We detail here our approach to detecting text spans expressing personal information. The approach uses knowledge graphs such as Wikidata to create gazetteers for specific PII types. Those gazetteers are then combined with a NER model to create a domain-specific silver corpus, which is in turn employed to fine-tune a neural sequence labelling model. This approach to developing a “privacy-oriented entity recognizer” builds upon earlier work by Papadopoulou et al. (2022), and provides additional details on various aspects of the gazetteer construction process, model training and empirical evaluation.
4.1 Wikidata Properties
NER models are, as the term indicates, focused on named entities. However, many instances of the DEM and MISC[1] categories described in the previous section are not named entities. Examples include someone’s occupation, educational background, part of their physical appearance, the manner of their death or an object that is tied to their identity.

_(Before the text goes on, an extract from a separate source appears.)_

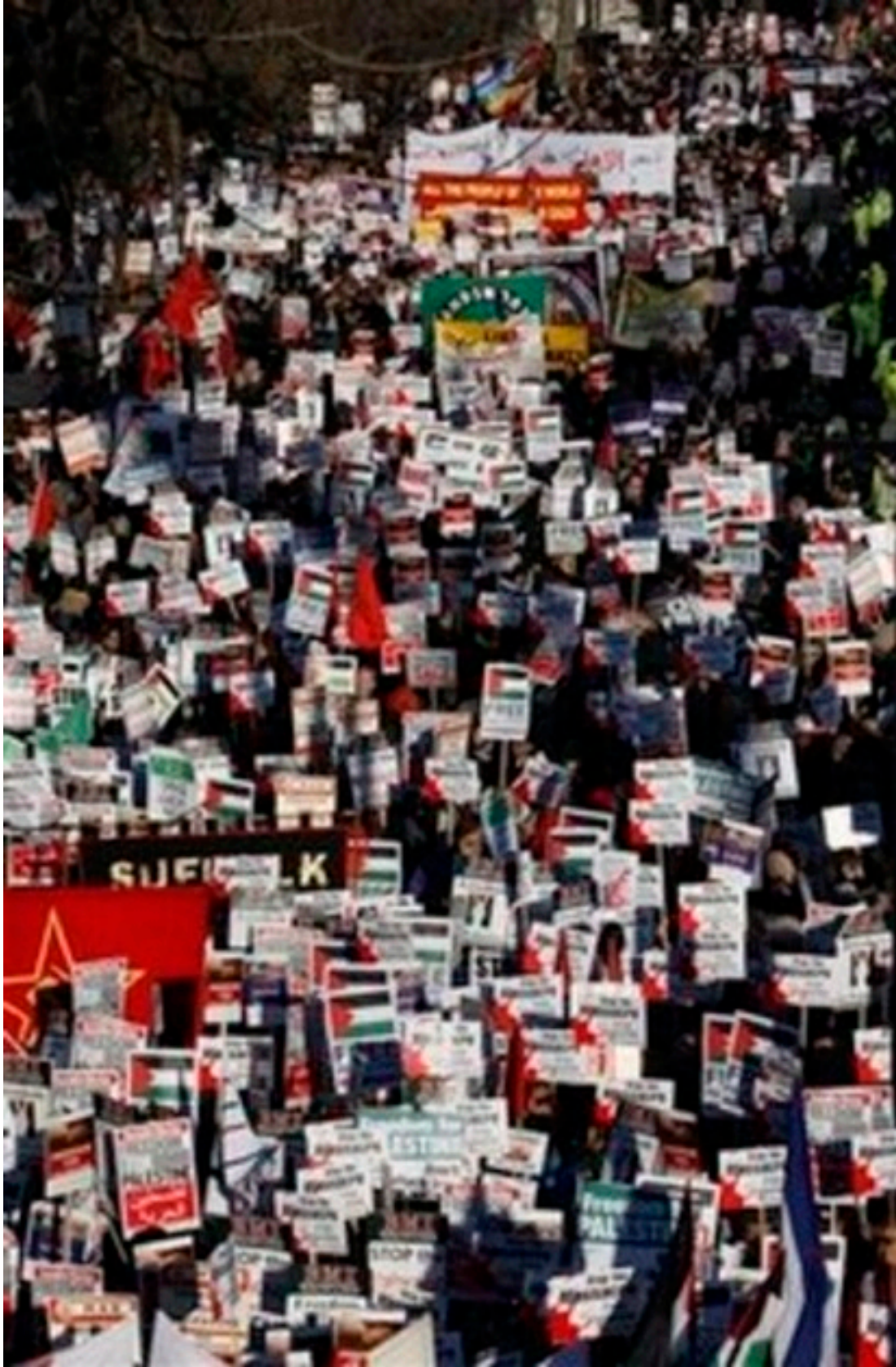
The commonality of despising the Jews

We extract a list of possible values for these two PII categories based on knowledge graphs. In particular, Wikidata[2] is a structured knowledge graph containing information in property-value pairs, with a large number of values being adjectives, nouns, or noun phrases. We operated by retrieving all instances of humans from the Wikidata dump file, and inspecting Wikidata properties[3] to select those that seems to express either DEM or MISC PII based on their description and their examples.
After filtering, we end up with 44 DEM properties and 196 MISC properties. Selected examples of each semantic type are shown Table 2, while a detailed table can be found in Appendix A. Some properties were left out due to the high level of false positives they might have introduced if included (e.g. blood type (P1853)) or because they mostly contained named entities that would already be detected by a generic NER model.

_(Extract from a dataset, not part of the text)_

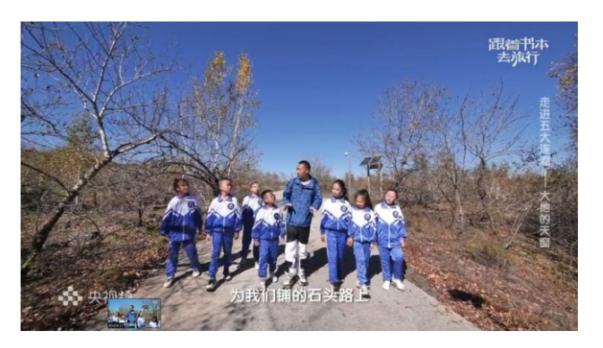
Students science programme Travel with books on CCTV

We then use these properties to traverse the Wikidata instances and save all values into two gazetteers, one for DEM entities[4] and one for MISC entities.
4.2 Silver Corpus and Model Fine-tuning
A silver corpus of 5000 documents is then compiled, consisting in our experiments with the datasets of Section 3 of 2500 European Court of Human Rights cases and 2500 Wikipedia summaries (Lebret et al., 2016). To automatically label the documents, we first run a generic NER model5 to detect named entities. We then apply the two DEM and MISC gazetteers and tag each match with their respective label. In case of overlap, we keep the longest span, e.g. keep “Bachelor in Computer Science” instead of “Bachelor” and “Computer Science” as two separate spans.

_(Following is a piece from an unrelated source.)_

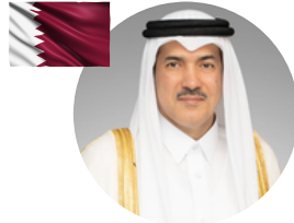
H.E. M. Ahmed AL SAYED Minister of State for Foreign Trade of Qatar

We then employ this silver corpus to fine-tune a RoBERTa (Liu et al., 2019) model, thus creating a privacy-oriented entity recognizer. Detailed training parameters can be found in Table 10 in Appendix B.
[1] It should be noted that the MISC category employed in this paper does not equate to the MISC category from CoNLL-2003 shared task (Tjong Kim Sang and De Meulder, 2003), which is characterized as a named entity (denoted with a proper name) that is neither a person, organization or place.
[2] https://www.wikidata.org
[3] https://www.wikidata.org/wiki/Wikidata:Database reports/List of properties/all
[4] We also manually add country names and nationalities into the DEM gazetteer to account for cases when the NER failed to detect those and the gazetteer lacked this information.
[5] We used here a RoBERTa model fine-tuned on the Ontonotes v5 corpus using spaCy’s implementation.